Valve assembly with a filter chamber

Abstract

A valve assembly (10) comprises a flow path extending from an assembly inlet (20) to an assembly outlet (22), a valve (24a/26a) arranged within the flow path and a filter assembly arranged within the flow path between the assembly inlet and the valve. The filter assembly comprises a filter chamber defining a particle settlement region, a filter chamber inlet for facilitating inflow of a fluid into the chamber, and a filter chamber outlet for facilitating outflow of fluid from the chamber towards the valve, wherein the filter chamber outlet includes a particle filter.

Claims

1. A downhole valve assembly for location within a wellbore, comprising: a flow path extending from an assembly inlet to an assembly outlet; a valve arranged within the flow path; and a filter assembly arranged within the flow path on one axial side of the valve and between the assembly inlet and the valve, the filter assembly comprising: a filter chamber defining a particle settlement region located at a base of the filter chamber; a filter chamber inlet located at a top of the filter chamber for facilitating inflow of a fluid into the filter chamber; an inlet tube coupled to the filter chamber inlet and configured to deviate the fluid flow from being aligned with a central axis of the downhole valve assembly; and an outlet tube defining part of the flow path and extending partially into the filter chamber from the base of the filter chamber and through the particle settlement region, the outlet tube including a filter chamber outlet in a wall thereof such that the filter chamber outlet is located within the filter chamber intermediate the base and the top of said filter chamber for facilitating outflow of fluid from the filter chamber towards the valve, wherein the filter chamber outlet includes a particle filter.

2. The downhole valve assembly according to claim 1, wherein the valve assembly is modular and comprises a valve module and a filter assembly module connected to one axial end of the valve module, the valve module and the filter assembly module defining a portion of the flow path.
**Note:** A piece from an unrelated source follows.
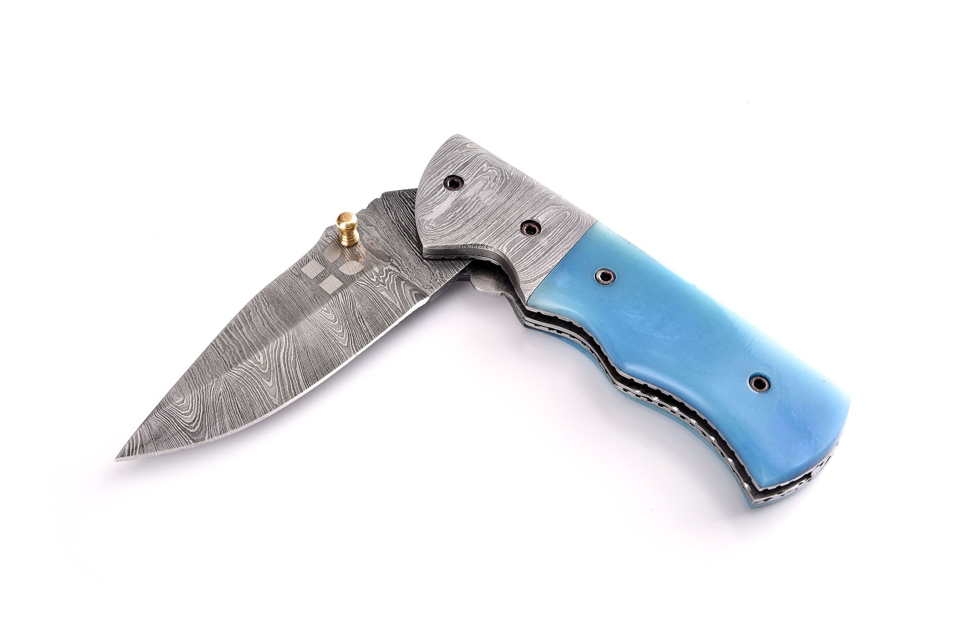 Koch Damascus Biltong Folding Utility Tool (Tinted Camel Bone) YV-F7

3. The downhole valve assembly according to claim 1, wherein the filter chamber inlet is configured to alter aspects of the fluid flow.
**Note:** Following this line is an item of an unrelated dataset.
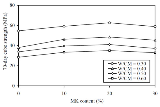 The 70-day cube strength results are plotted against the MK contents at various W/CM ratios in Figure 6 and are tabulated in the sixth column of Table A1. Similar to the trend of 28-day cube strength, the curve for a higher W/CM ratio is generally lower in the figure, showing that MK concrete with higher W/CM ratio always has lower 70-day cube strength. More importantly, at the same W/CM ratio, the addition of MK up to 20% significantly increased the 70-day cube strength, while further addition of MK to 30% turned to slightly decrease the 70-day cube strength. This is similar to the variation of the 28-day cube strength with the MK content. Specifically, the addition of 20% MK increased the 70-day cube strength by 14.7%, 27.6%, 21.7%, and 23.2% at W/CM ratios of 0.30, 0.40, 0.50, and 0.60, respectively. On average, the addition of 20% MK increased the 70-day cube strength by approximately 22%.

4. The downhole valve assembly according to claim 1, wherein the inlet tube directs the flow of fluid.

5. The downhole valve assembly according to claim 1, wherein the outlet tube extends through the particle settlement region.
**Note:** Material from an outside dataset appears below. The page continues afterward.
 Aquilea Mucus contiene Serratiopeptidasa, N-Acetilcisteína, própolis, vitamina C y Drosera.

6. The downhole valve assembly according to claim 1, wherein the particle filter of the filter chamber outlet assists to prevent particles which have not settled in the particle settlement region from leaving the filter chamber via the outlet tube.

7. The downhole valve assembly according to claim 1, wherein the filter chamber outlet comprises an integrated particle filter, directly formed in the outlet tube.

8. The downhole valve assembly according to claim 1, wherein the filter chamber outlet comprises a particle filter which is fitted to the filter chamber outlet.

9. The downhole valve assembly according to claim 1, wherein the filter chamber outlet comprises a particle filter which can be removed and replaced.

10. The downhole valve assembly according to claim 1, wherein the particle filter comprises one or more layers of a filtration material.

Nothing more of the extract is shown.